A transfiguração é um convite a ouvir e a reconhecer a presença de Jesus glorioso, vencedor, mas também caminhar com ele no carregar da cruz, no mistério da paixão cotidiana, para com ele também ressuscitar. A transfiguração é importante para mim, para você, para todos que meditam, para caminhar na planície do cotidiano, ela é uma antecipação da glória que haverá de se manifestar, mas só poderá alcançá-la quem suportar o peso da cruz cotidiana.
O que nos traz a imagem do Cristo transfigurado? Como podemos nos assemelhar a ele?
Essa imagem deve nos acompanhar sempre, para nunca desanimarmos nem desistirmos diante das provações e dificuldades. A transfiguração é para afastar o aparente fracasso da cruz. Humanamente falando, a cruz se apresentou como um fracasso, mas pelo mistério da fé, é a nossa vitória. Então a transfiguração é um momento importante, fundante, imprescindível e indispensável em nossa fé.

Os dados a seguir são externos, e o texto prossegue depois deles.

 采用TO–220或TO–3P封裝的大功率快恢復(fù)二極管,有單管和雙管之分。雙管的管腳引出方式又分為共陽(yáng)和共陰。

Vale a pena ouvir e seguir Jesus, ele é o Filho amado, por isso então escutá-lo e colocar em prática a sua palavra. Ao monte subimos, nós procuramos os Santuários para nos reabastecer e fortalecer, porque o combate cotidiano nos desgasta e a luta nos consome, então precisamos muitas vezes de lugares sagrados para nos refazermos e nos colocarmos diante do mistério. A subida ao monte é o encontro com Deus e quanto mais nos encontrarmos com Deus, muito mais estaremos nos encontrando conosco mesmos e com o outro. Quanto mais a humanidade se aproxima de Deus, mais perto da felicidade ela está. Numa palavra mais direta, não há futuro, não há perspectiva, não há realidade sem um encontro íntimo, silencioso e orante com Deus.
A passagem do Tabor tem a dimensão da subida, ao encontro do Pai, e também de descida, ao encontro dos homens – essa perspectiva de missão.
Quais são nossos atuais momentos de Tabor? O que devemos fazer a partir deles?
Eu creio que a gente vive concretamente a subida ao Tabor, sobretudo, na Eucaristia. Por isso que a Igreja diz que a Eucaristia é o ponto alto e a fonte da vida da Igreja. O momento especialíssimo em que nós subimos ao Monte Tabor é quando celebramos a Eucaristia. Posso celebrá-la num vale, mas eu subi ao Monte Tabor. Ela é o ápice e o cume da nossa vida. Evidentemente que a gente também experimenta o Tabor quando nos recolhemos em práticas devocionais: a Via Sacra; o próprio Terço meditado eleva a nossa alma e nos coloca em contato direto com Deus; quando silenciamos. Há, agora, o estímulo da Igreja para a prática da leitura orante da palavra de Deus e quando essa palavra tem espaço em nossa vida, é o momento no qual a gente sobe ao Monte Tabor. Creio que na Quaresma, é preciso vivenciar o momento fundamental do sacramento da Penitência e Reconciliação. Depois, têm vários outros momentos privilegiados que a gente poderia citar, mas todos eles voltam e nascem da Eucaristia, da Santa Missa dominical e, tanto quanto possível, cotidiana.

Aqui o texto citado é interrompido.